**What the task requires:** Output the run of lines that opens with the first line of the material below and closes with the line containing "Skilti við inngang í Grasagarð", both included, and drop the pictures.

**Raw data:**
* * *

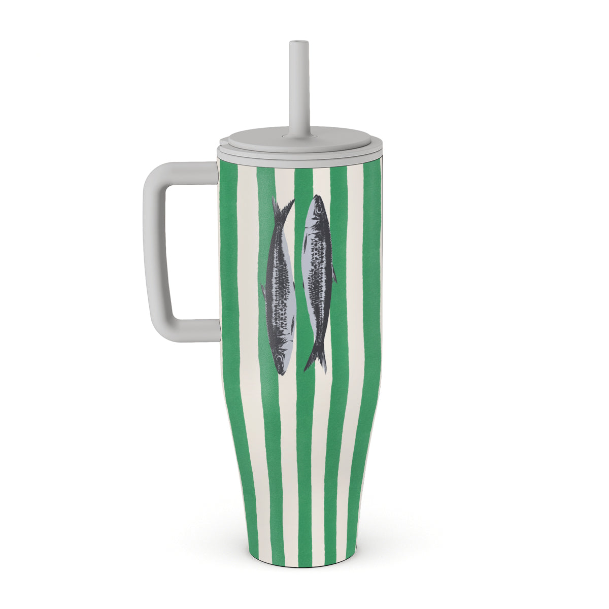 Główne elementy projektu: Sardynki, zielone paski, motywy oceaniczne.
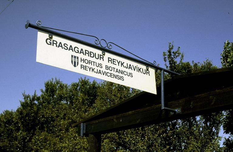 Skilti við inngang í Grasagarð
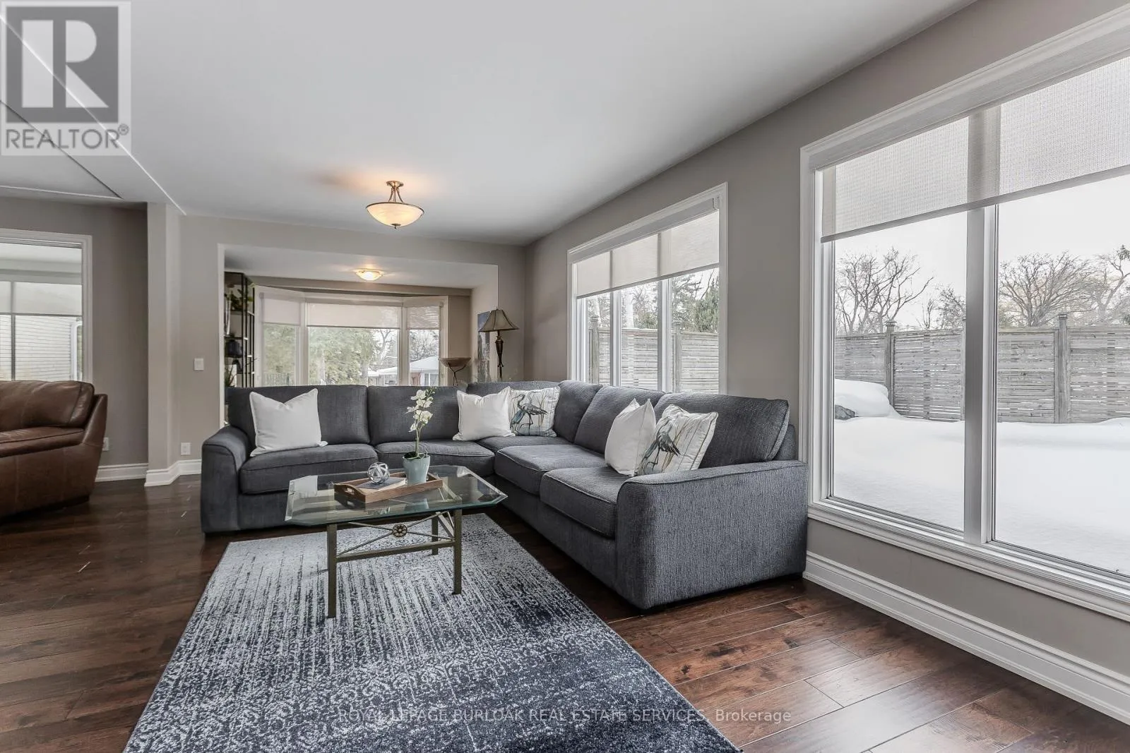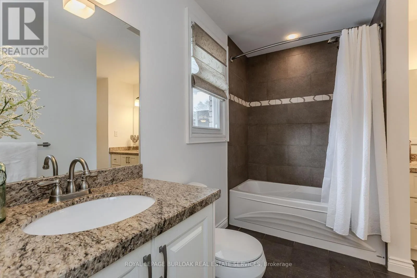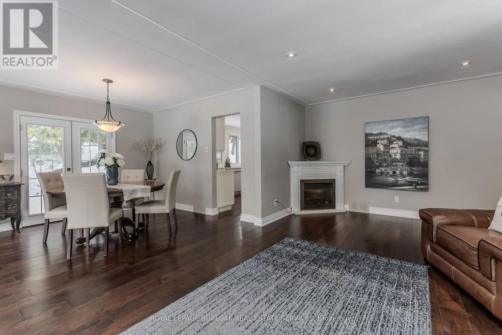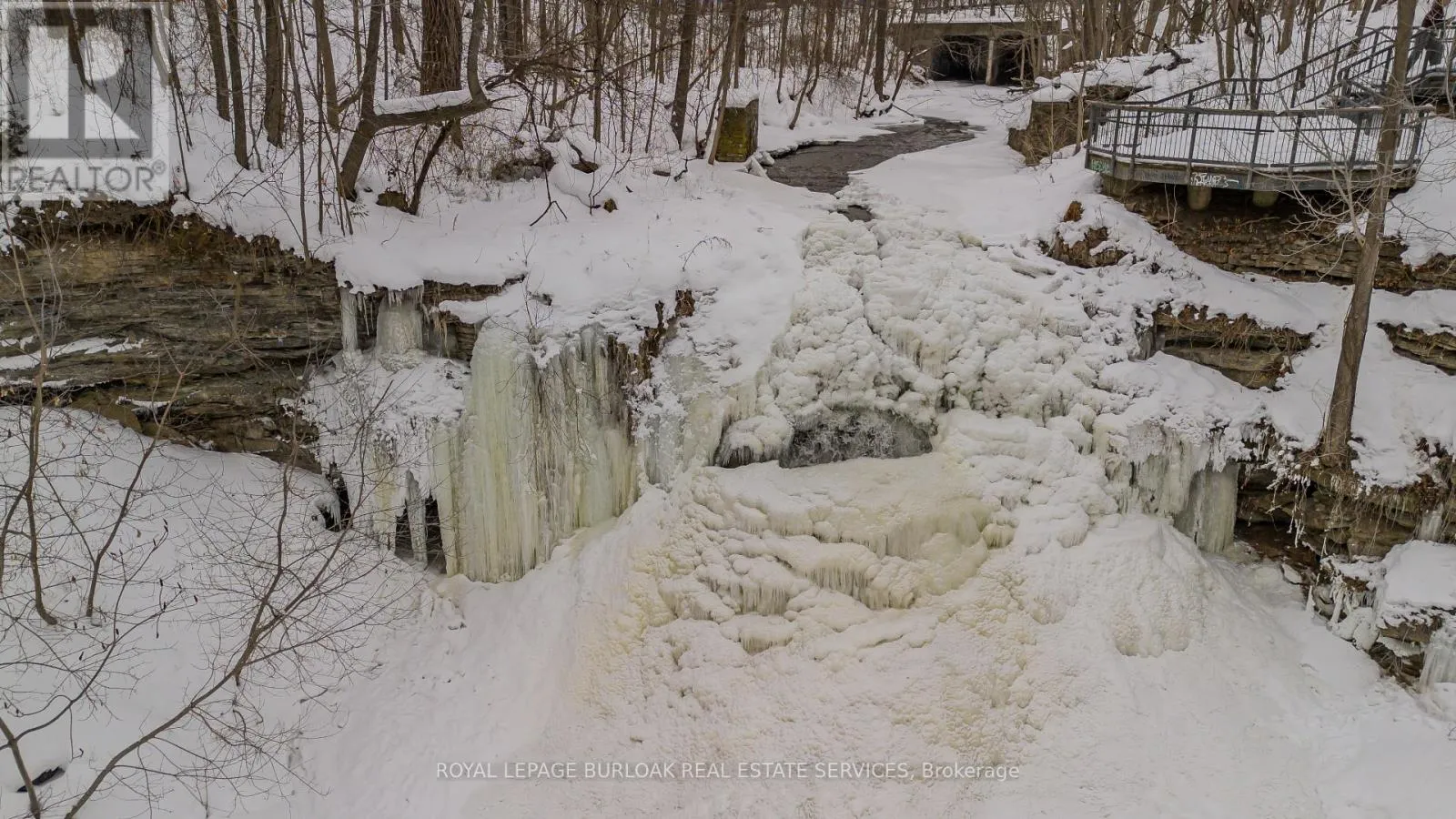 Cross Streets: Waterdown Road. ** Directions: Waterdown Road to Ireson Road. Key location for nature lovers, minutes from Smoky Hollow waterfalls, and countless trails to enjoy. This custom corner-lot ranch-style bungalow offers the perfect blend of nature and everyday convenience for families. With 3291sf of living space, this home delivers comfort and functionality, all surrounded by mature trees and peaceful scenery while still being close to daily amenities, GO Station, Hwys, Waterdown, Burlington and Hamilton. Beautiful curb appeal welcomes you with manicured gardens, glass-enclosed front porch, and large side yard w/ a wrought iron fence. Rare 9-car parking provides incredible flexibility for families or guests. Inside, an open-concept layout showcases hardwood flooring, large windows, and tons of natural light throughout. The living room features a fireplace, while the dining room offers a walkout to the yard. A den w/ a bay window creates an ideal reading nook or workspace. The spacious kitchen is designed for family life with tile backsplash, granite countertops, custom cabinetry, breakfast bar, and Whirlpool appliances, flowing seamlessly into a warm sitting room w/ a stone-surround gas fireplace. The main level features a spacious primary retreat w/ walk-in closet and private 4pc ensuite with dual vanity, along with three additional well-sized bedrooms and a modern 3pc bath with walk-in shower - ideal for busy family mornings. The finished basement expands your living space with laminate flooring, a large rec room with fireplace, dedicated home gym, and an additional bedroom - perfect for teens, guests, or multi-generational living. Step outside to an expansive backyard designed for making memories, featuring endless green space, a shed, and a large wood deck with pergola for relaxing or entertaining. The fenced above-ground pool with surrounding deck creates the ultimate summer hangout for kids and family gatherings. A rare opportunity to enjoy privacy, and nature - all while staying connected to everything your family needs. (id:27476)

* * *

**Solution for this problem:**
 Główne elementy projektu: Sardynki, zielone paski, motywy oceaniczne.
 Skilti við inngang í Grasagarð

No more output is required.